Print, from the listing below, the lines starting at the line containing "ASUS ASUS TransBook" and ending at the line containing "В квартире ост", exactly as they stand, and print nothing else.

§ ENTRIES PROVIDED:
+ + + +
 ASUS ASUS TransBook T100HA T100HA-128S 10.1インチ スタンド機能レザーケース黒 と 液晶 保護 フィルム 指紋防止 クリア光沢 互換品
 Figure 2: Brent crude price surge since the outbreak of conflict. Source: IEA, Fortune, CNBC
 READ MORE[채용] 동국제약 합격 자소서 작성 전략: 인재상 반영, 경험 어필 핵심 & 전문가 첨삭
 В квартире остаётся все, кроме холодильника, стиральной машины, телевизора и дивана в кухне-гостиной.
+ + + +
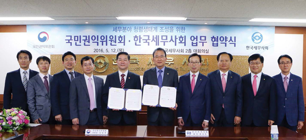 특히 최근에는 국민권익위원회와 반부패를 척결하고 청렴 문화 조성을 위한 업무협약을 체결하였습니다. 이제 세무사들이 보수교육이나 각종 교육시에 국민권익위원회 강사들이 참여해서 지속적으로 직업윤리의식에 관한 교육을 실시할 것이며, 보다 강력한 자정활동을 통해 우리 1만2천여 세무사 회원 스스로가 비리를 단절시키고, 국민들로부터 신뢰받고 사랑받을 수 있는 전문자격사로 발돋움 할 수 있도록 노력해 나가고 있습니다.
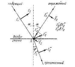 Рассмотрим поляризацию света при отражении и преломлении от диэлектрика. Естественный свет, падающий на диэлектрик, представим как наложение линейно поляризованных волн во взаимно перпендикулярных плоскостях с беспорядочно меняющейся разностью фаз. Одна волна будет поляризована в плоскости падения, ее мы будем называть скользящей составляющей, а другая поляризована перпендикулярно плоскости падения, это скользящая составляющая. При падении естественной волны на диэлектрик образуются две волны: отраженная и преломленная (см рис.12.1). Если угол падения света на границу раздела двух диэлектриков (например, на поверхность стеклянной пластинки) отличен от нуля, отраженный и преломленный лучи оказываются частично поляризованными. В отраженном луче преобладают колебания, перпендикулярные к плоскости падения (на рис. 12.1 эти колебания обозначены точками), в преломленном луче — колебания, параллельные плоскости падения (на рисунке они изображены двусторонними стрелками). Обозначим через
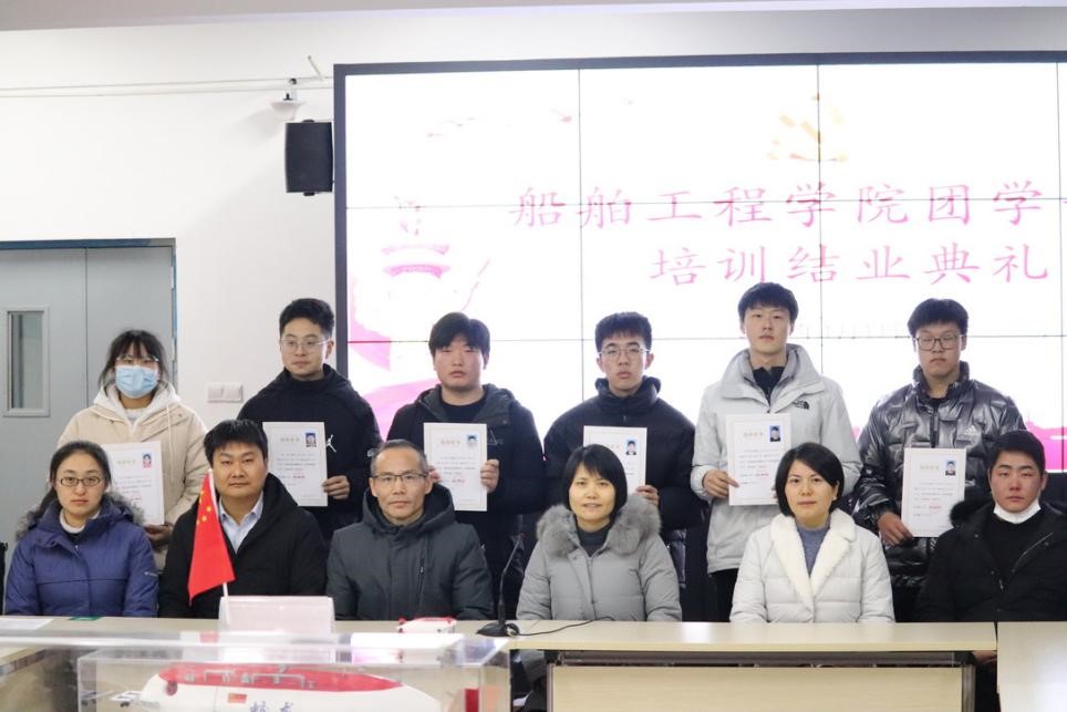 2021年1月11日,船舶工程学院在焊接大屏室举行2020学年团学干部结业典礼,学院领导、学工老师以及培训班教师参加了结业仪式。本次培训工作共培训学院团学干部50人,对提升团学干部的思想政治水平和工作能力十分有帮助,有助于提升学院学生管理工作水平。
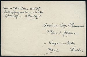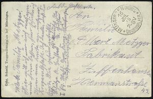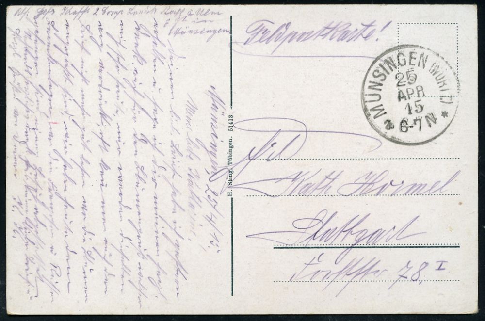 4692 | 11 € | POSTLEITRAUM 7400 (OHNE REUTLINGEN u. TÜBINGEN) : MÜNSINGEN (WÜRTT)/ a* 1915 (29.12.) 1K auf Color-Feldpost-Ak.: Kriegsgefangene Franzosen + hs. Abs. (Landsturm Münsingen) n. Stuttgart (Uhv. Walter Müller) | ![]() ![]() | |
+ + + +
§ EXERCISE RESPONSE:
 ASUS ASUS TransBook T100HA T100HA-128S 10.1インチ スタンド機能レザーケース黒 と 液晶 保護 フィルム 指紋防止 クリア光沢 互換品
 Figure 2: Brent crude price surge since the outbreak of conflict. Source: IEA, Fortune, CNBC
 READ MORE[채용] 동국제약 합격 자소서 작성 전략: 인재상 반영, 경험 어필 핵심 & 전문가 첨삭
 В квартире остаётся все, кроме холодильника, стиральной машины, телевизора и дивана в кухне-гостиной.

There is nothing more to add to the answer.